When choosing a credit card processing service, even among top-tier providers, it’s important to perform due diligence and thoroughly review the agreement before committing. Each provider comes with its own set of terms and conditions, which can significantly impact your business. Here’s an overview of some of the best credit card processors and what you might find in their agreements.
Clover offers a robust system for businesses of all sizes and is known for its ease of use and completely customizable features, including customized reports. Some features include using different apps, management tools, consistent rates and promoting deals or promos. Clover offers interest-free installment plans, but details can vary, so understanding the specific conditions in your agreement is essential.
Read our Clover credit card processing review here to find out about its POS Hardware.
Merchant One provides a quick three-setup process for six different industries: retail, restaurants, hospitality, B2B, e-commerce, and trade shows and events. Its features include a virtual terminal, the ability to pair with phones, receiving your own account manager, and customer and sales insights. You can receive a quote to get an estimate on how much Merchant One is for your business via phone or website. Its initial agreements include a three-year contract and early termination fees.

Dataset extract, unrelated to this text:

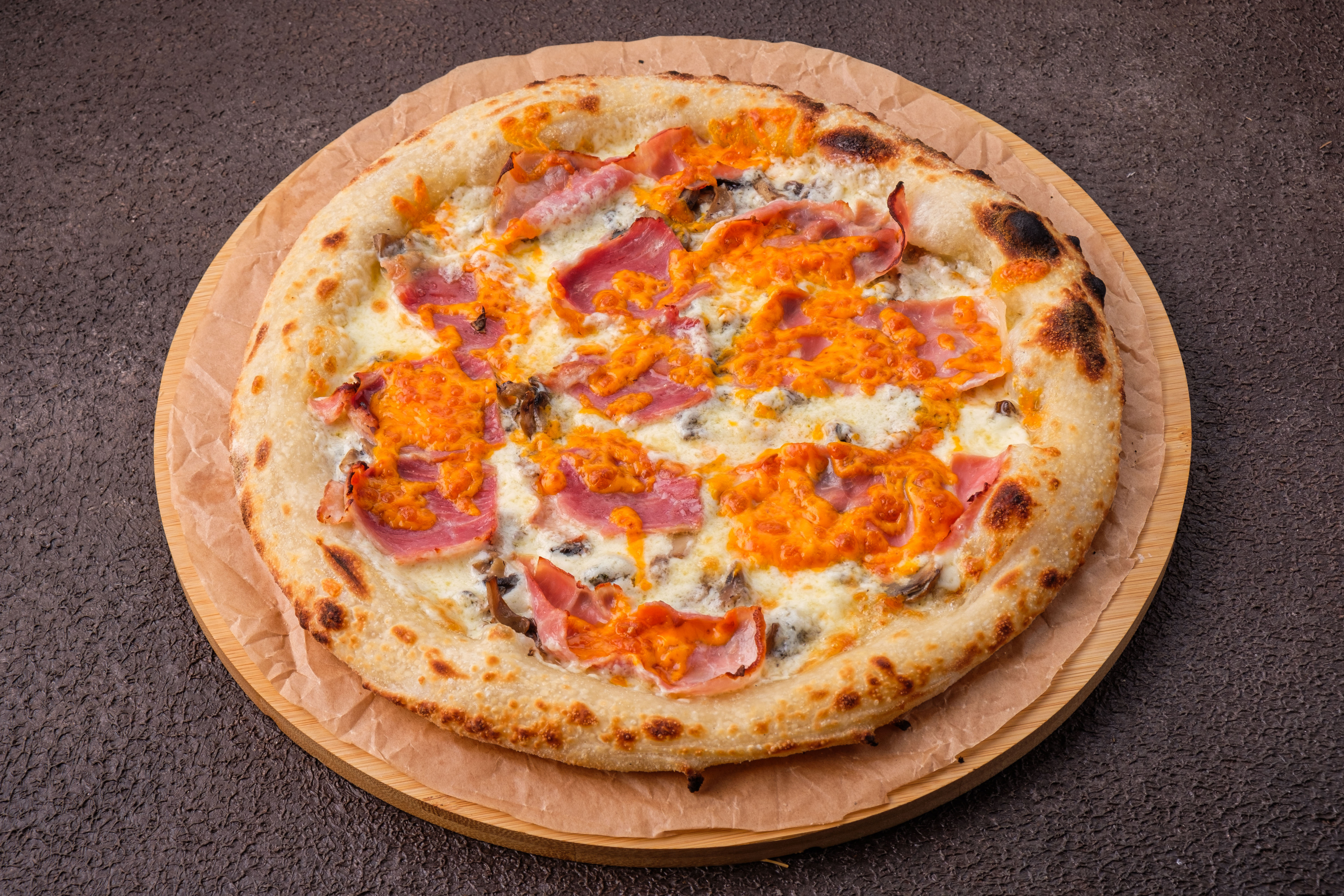 Тесто для пиццы, соус блю чиз, сыр моцарелла, грибы шампиньоны, ветчина, сыр чеддер.

Read our Merchant One review to learn more.
Stax is popular for its subscription-based pricing model, which includes no hidden fees and a zero percent markup processing. Stax prides itself on transparency, but verifying all terms yourself ensures there are no surprises down the line. Stax offers optional add-ons, starting at $99 per month and in-house customer and technical support.
Read our Stax review to learn more.
Square has simplicity with no long-term contract policy, making it ideal for small businesses. Square has one integration system, so it’s all in one place. Some features include customer support, hardware with no leases or return fees, and money transfers on the same day or up to two days. While Square only lists processing fees, it’s important to review the agreement for transaction fees and any additional service charges.
Read our Square credit card processing review to learn more.
Helcim has transparent pricing, no contracts or monthly fees, and low rates. Businesses can use the processor in-person, online or over the phone with different payment methods. There are no cancellation fees, PCI fees, user fees, deposit fees or setup fees.
Read our full review of Helcim to learn more.
In today’s business landscape, accepting mobile card payments is essential, as evidenced by the significant consumer preference for these payment methods. However, navigating the complexities of credit card processing agreements is important to avoid hidden costs and unfavorable terms. Remember, a well-informed approach to selecting a credit card processor can protect your business from unexpected expenses and ensure a smoother, cost-effective payment processing experience.